As the aquatics industry becomes more aware of the harmful effects of disinfection byproducts (DBPs), concern for the safety of swimmers and pool staff is increasing.
What are disinfection byproducts?
The chemical reaction between chlorine and organic and/or nitrogenous matter that is naturally present in the pool or introduced by bathers produces disinfection byproducts. Also known as combined chlorine, DBPs can be broken into numerous categories, and the main DBPs include chloramines, trihalomethanes (THM), and haloacetic acids (HAA).
Chloramines, specifically trichloramines, are known to cause respiratory and eye irritation. Many studies have also concluded that chloramines can lead to allergies and asthma in young people. THMs and HAAs are proven carcinogens and studies indicate a link to bladder cancer.
In the United States the Model Aquatic Health Code recommends keeping the combined chlorine below 0.4 ppm for pools and spas, but it is up to each state’s health department to determine the maximum acceptable combined chlorine level that they want to enforce. Furthermore, many states including New York and Texas do not enforce a maximum combined chlorine level.
Study investigates DBPs in pool environment and staff
Last October, the Institut de recherche Robert-Sauvé en Santé et en Sécurité du Travail (IRSST) released a study detailing pool workers’ exposure to DBPs at indoor pools in Québec. The goal of the study was twofold; to measure and model the levels of DBP contamination in both the pool environment (in the water and the air) and the workers’ exposure level (within the workers’ urine and exhaled air).
The main results of the study found of the 41 indoor pools investigated, the DBP concentrations were particularly high, and varied based on the bather load and size of the pool. The staff from eight of these pools (consisting of 35 subjects) had high baseline DBP concentrations present in their bodies before coming to work and even higher concentrations of DBPs after a normal shift.

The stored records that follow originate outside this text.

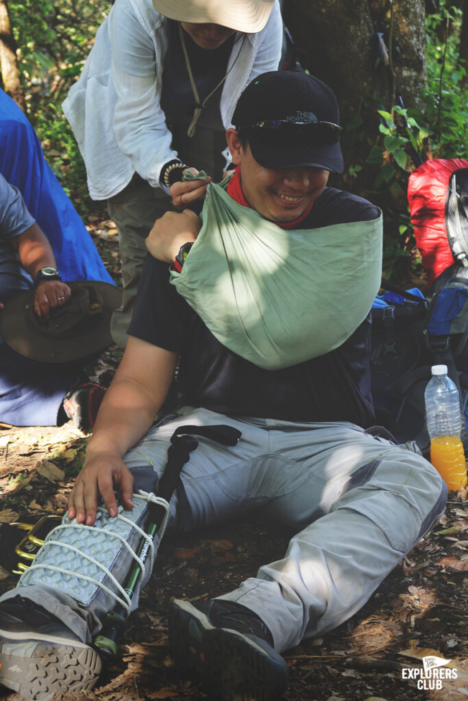 หลังจากที่เราใช้เวลากันพักใหญ่กับบทเรียนสนุก ๆ ก็มาถึงอีกหนึ่งบทเรียนสำคัญของงานนี้ ก็คือการรับมือเมื่อเกิดเหตุการณ์ฉุกเฉิน บทเรียนนี้เราจะพบว่าบรรดาอุปกรณ์เดินป่าที่พกมาสามารถดัดแปลงเป็นอุกรณ์ปฐมพยาบาลได้อย่างน่าสนใจ เราถูกแนะนำให้ได้รู้จักอุปกรณ์จำเป็นที่ควรติดตัว การปฐมพยาบาลเบื้องต้น รวมถึงยาประเภทต่าง ๆ ที่ควรจัดมาให้ครบเวลาเราเดินป่า
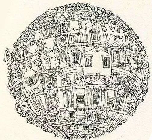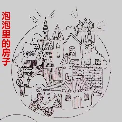 我在画‘泡泡和房子’时,我在想:把房子画在泡泡里面,下一步会发生什么?把房子长在泡泡外面,下一步会发生什么?(上图)(大家可以尝试想下泡泡外的结局。)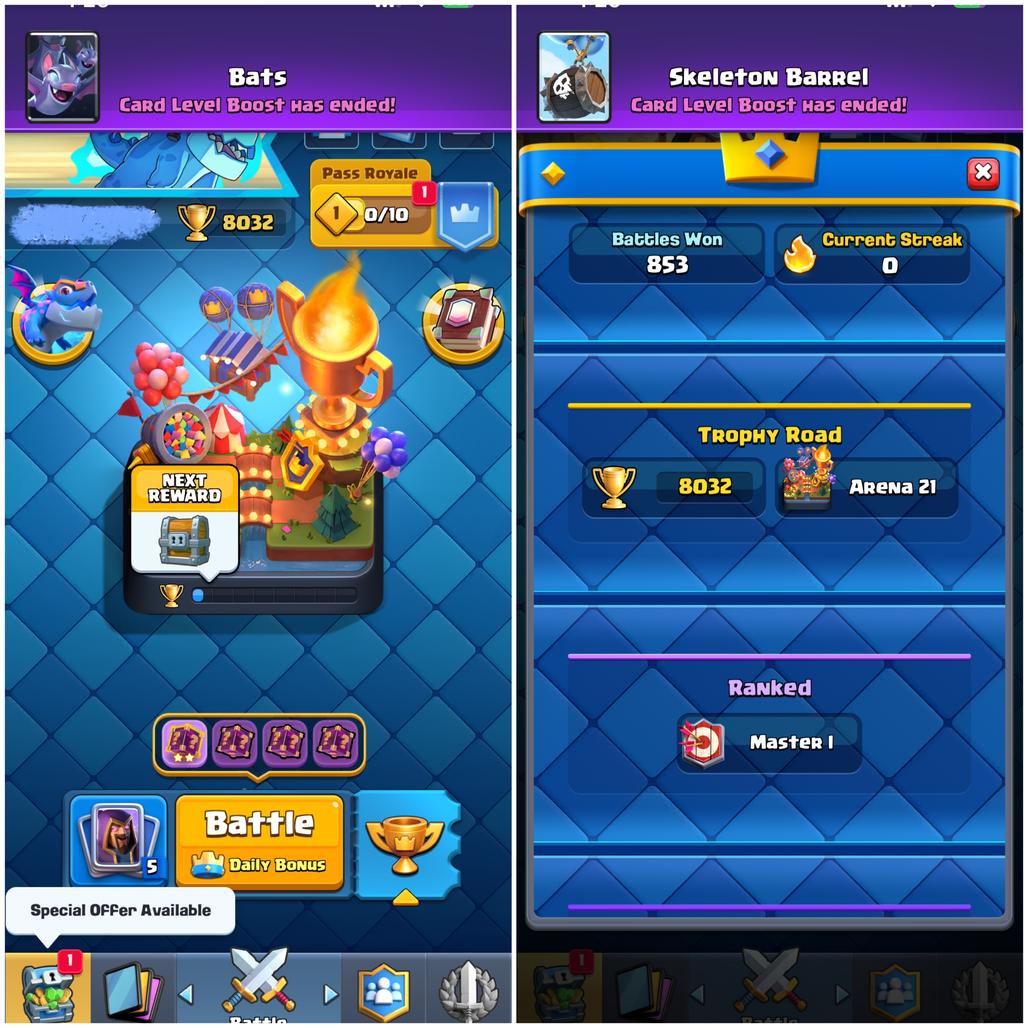 8032 Trophies | Level 42 | King Tower 14 | Arena 21 | Emote 15 Cards 118 | P469

Due to the known risks associated with DBP exposure, the study recommended preventative measures to minimize DBP exposure in aquatics staff. Reducing the formation of DBPs or facilitating their elimination are both viable ways to accomplish this
Why Clear Comfort?
Until recently, facilities could decrease bather load, shock the pool, or dilute the pool with fresh water to reduce DBP levels. A better HVAC system could reduce airborne DBPs. However, these solutions are expensive and don’t solve the true cause of disinfection byproduct formation.
Now advanced oxidation, specifically Clear Comfort, is combating the true culprit, DBP formation. Independent research has proven that Clear Comfort minimizes the formation of DBPs in a case study at a YMCA. In the study, Clear Comfort reduced the HAAs by 91.5 percent, the THMs by 84.8 percent, and the chloroform (a known carcinogen) by 68.9 percent.
The advanced oxidation process prevents DBPs from forming because the highly oxidative, short lived hydroxyl radicals quickly oxidize contaminants in the water. This minimizes the necessary level of chlorine that is required to combat the organic loading which in turn decreases the amount of DBPs that are produced. By minimizing DPBs, Clear Comfort keeps pool staff and patrons healthy. Clear Comfort also helps to minimize the nasty chlorine smell in the pool area that is associated with DPBs.